The paper's Wednesday account of the Iran-drawn Hormuz boundary in coordinates framed the West-East Pipeline as the physical counterparty answer to the Iranian Revolutionary Guard's monetization regime. The frame had a geographic logic but no number. Al Jaber's "almost 50%" supplies the number. The bypass is no longer described in directional terms ("under construction") but in fractional terms ("almost half"). The structural geometry of the Hormuz arrangement now has a physical mid-point that lines up with the diplomatic mid-point of the Iran-Oman toll negotiation. Both are at the same stage, on the same Saturday.
The "directly targeted" admission is the second receipt, and it is the one the company has historically avoided. ADNOC has carried wartime exposure quietly through its disclosure cadence — its 2025 annual report did not name strike incidents on its facilities, and its Q1 2026 trading update referenced "operational disruptions" without specifying cause. The Atlantic Council livestream is a different forum. Al Jaber's acknowledgment in that forum names what the company's filings did not. The May 8 attack on Lavan Island, the April Saudi Air Force operations against Iran that AP, Reuters, and WSJ have quadruple-sourced — the wartime tape that ran adjacent to ADNOC's own facilities has its first CEO-level confirmation of company-side exposure.
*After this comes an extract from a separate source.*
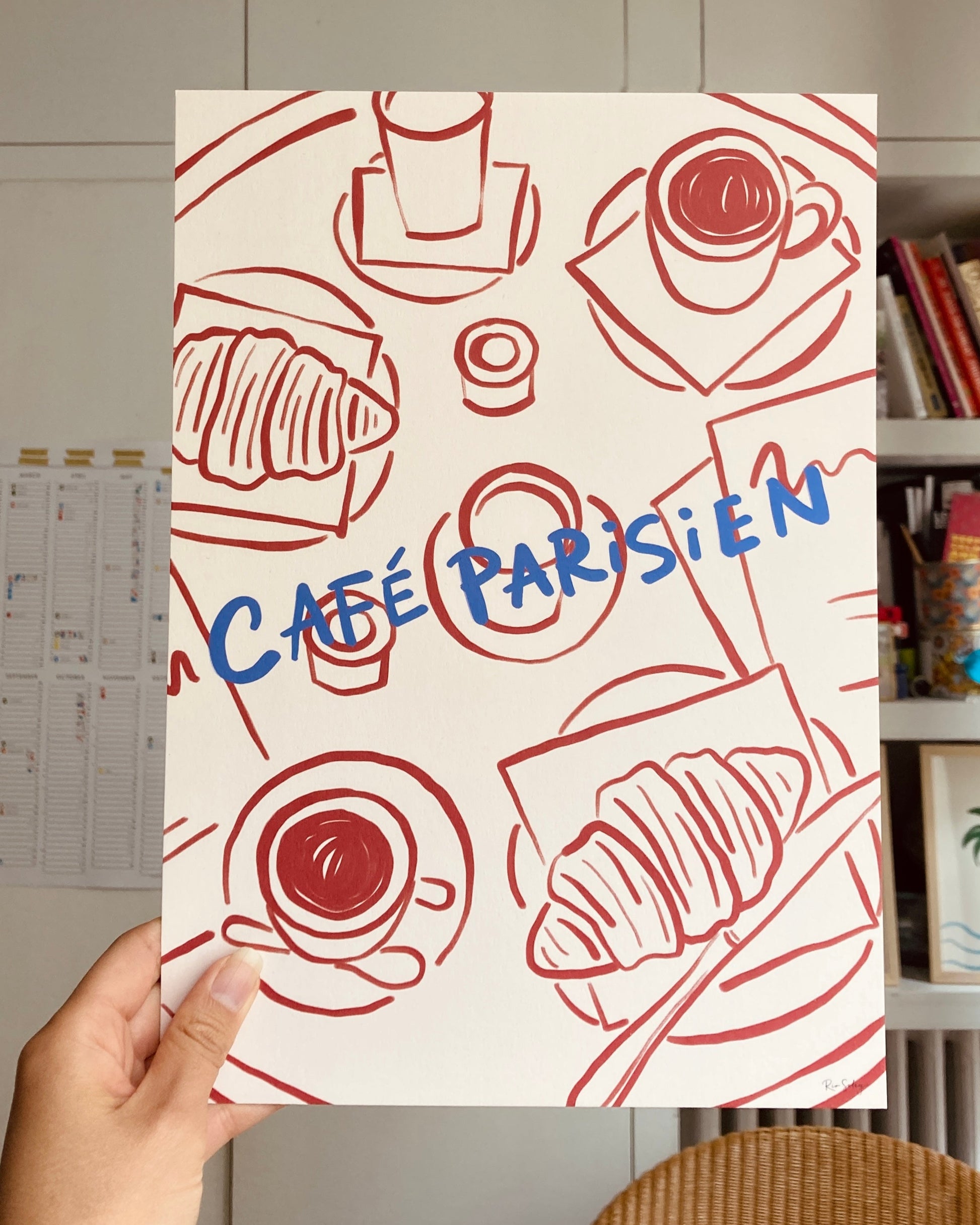 - Features croissants, coffee, and handwritten “Café Parisien” text

The pipeline's structural geometry matters for what it does to the Hormuz problem. The West-East Pipeline, when complete, would route up to 1.5 million barrels per day from Abu Dhabi's western Habshan complex to Fujairah's storage and loading terminals on the Gulf of Oman. Combined with the existing 1.5 mb/d Habshan-Fujairah Pipeline, the bypass capacity could reach 3 mb/d, against the UAE's 2025 export profile of approximately 3.2 mb/d. [2] At "almost 50%" complete and on the accelerated 2027 timeline Sheikh Khaled directed on May 15 [3], the new pipeline is structurally on track to deliver bypass capacity into 2027 that approximates UAE export volume. The diplomatic-physical convergence is the structural reading: Iran has built a toll regime that produces revenue, and the UAE is building a bypass that produces sovereignty.
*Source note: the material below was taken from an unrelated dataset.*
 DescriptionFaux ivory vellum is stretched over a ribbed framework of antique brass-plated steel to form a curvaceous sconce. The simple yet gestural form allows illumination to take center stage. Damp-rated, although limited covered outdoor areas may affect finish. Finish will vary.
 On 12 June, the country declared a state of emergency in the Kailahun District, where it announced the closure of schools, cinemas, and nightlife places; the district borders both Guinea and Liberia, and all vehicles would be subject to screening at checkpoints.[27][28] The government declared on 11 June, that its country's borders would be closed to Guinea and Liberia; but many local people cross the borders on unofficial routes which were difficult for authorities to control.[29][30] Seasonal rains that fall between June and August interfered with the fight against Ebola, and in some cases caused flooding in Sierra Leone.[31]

The geography is the point Al Jaber's number makes visible. The bypass does not eliminate Iranian leverage over Hormuz transit. It removes one major exporter — the UAE — from the leverage. Saudi Arabia retains the Petroline (East-West Pipeline) running from Abu Qaiq to Yanbu, which has 5 mb/d capacity and has been operational since 1981. Saudi Arabia is therefore the GCC exporter with the longest-standing Hormuz alternative. The UAE is closing in on the second slot. The other GCC states — Qatar (LNG), Kuwait, Bahrain — have no comparable bypass infrastructure and continue to depend on Strait transit. The structural map the bypass produces is a two-tier Gulf: states with alternatives and states without.
The Atlantic Council venue itself is worth naming. Al Jaber chose to make both admissions — the percentage and the targeted acknowledgment — at an American-policy livestream rather than at a UAE state press conference or an OPEC plenary. The forum signals to which audience the company wants the disclosures read. American policy circles will register the bypass percentage as the structural answer to the Iranian toll regime; they will register the "directly targeted" admission as the structural justification for the bypass. The two readings reinforce each other. Iran's toll has produced its physical counter, and the company building the counter just said publicly why.
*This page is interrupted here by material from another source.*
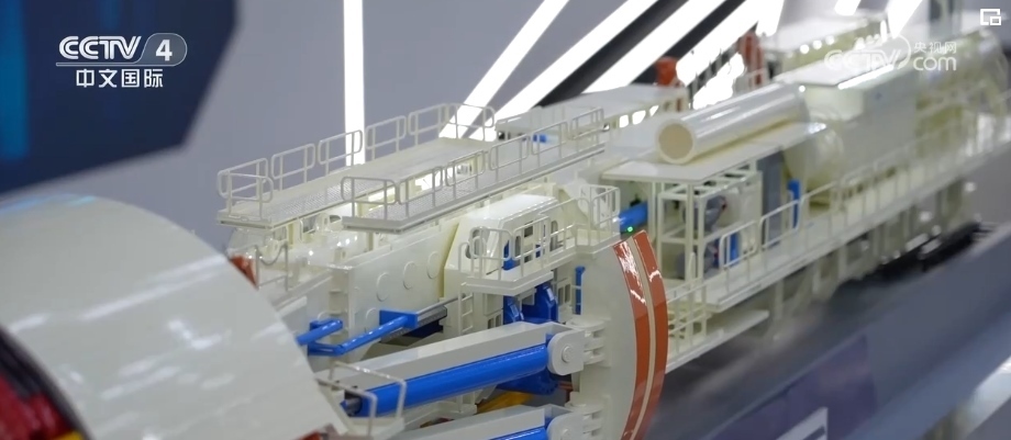 總臺(tái)記者 趙鶴:除了應(yīng)用在相對(duì)小型的產(chǎn)線上,在盾構(gòu)機(jī)、掘進(jìn)機(jī)這樣的國之重器上,也早已經(jīng)憑借物聯(lián)網(wǎng)技術(shù)進(jìn)行了智能化的升級(jí)。從這臺(tái)等比例縮小的硬巖隧道掘進(jìn)機(jī)的模型可以看到,在它的最前方是刀盤,用來進(jìn)行碾磨巖石作業(yè),在這樣一個(gè)和巖石產(chǎn)生激烈碰撞的地方也有傳感器的存在,來感知這些刀具的磨損轉(zhuǎn)速等數(shù)據(jù)信息。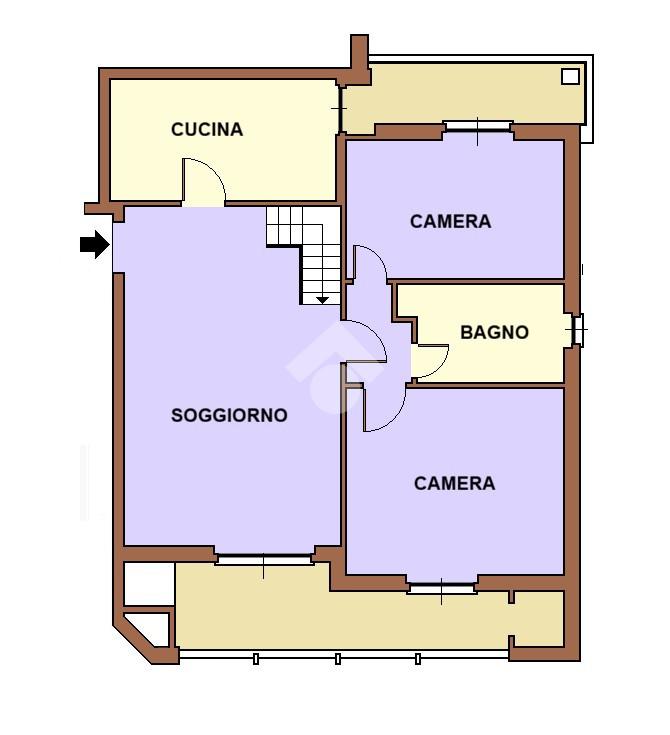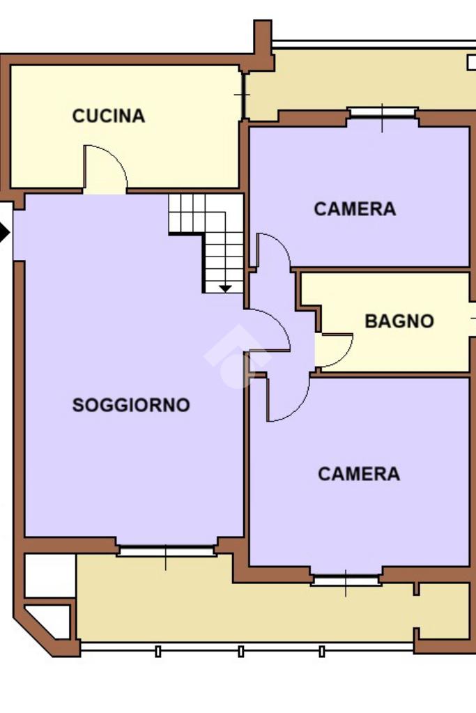 Al suo interno si trovano al piano primo un soggiorno con accesso al balcone, la cucina abitabile anch'essa servita da un secondo balcone, due camere da letto ed un bagno.

What the next ten days will tell us: whether the Saudi Aramco side issues comparable Petroline utilization updates; whether the Qatar Energy side acknowledges its lack of equivalent bypass; whether the European maritime insurance market reprices Hormuz transit insurance with the bypass capacity rendered explicit. The first signal will probably come from the insurance market — the underwriting actuaries who price war-risk premiums on tanker transit work on weekly tape, and the West-East Pipeline percentage is the kind of variable that resets the model. The structural reading is that Hormuz is no longer a binary chokepoint. It is a two-tier asymmetric chokepoint, and the UAE just moved itself further into the upper tier on a Wednesday livestream that the Saturday tape is still digesting.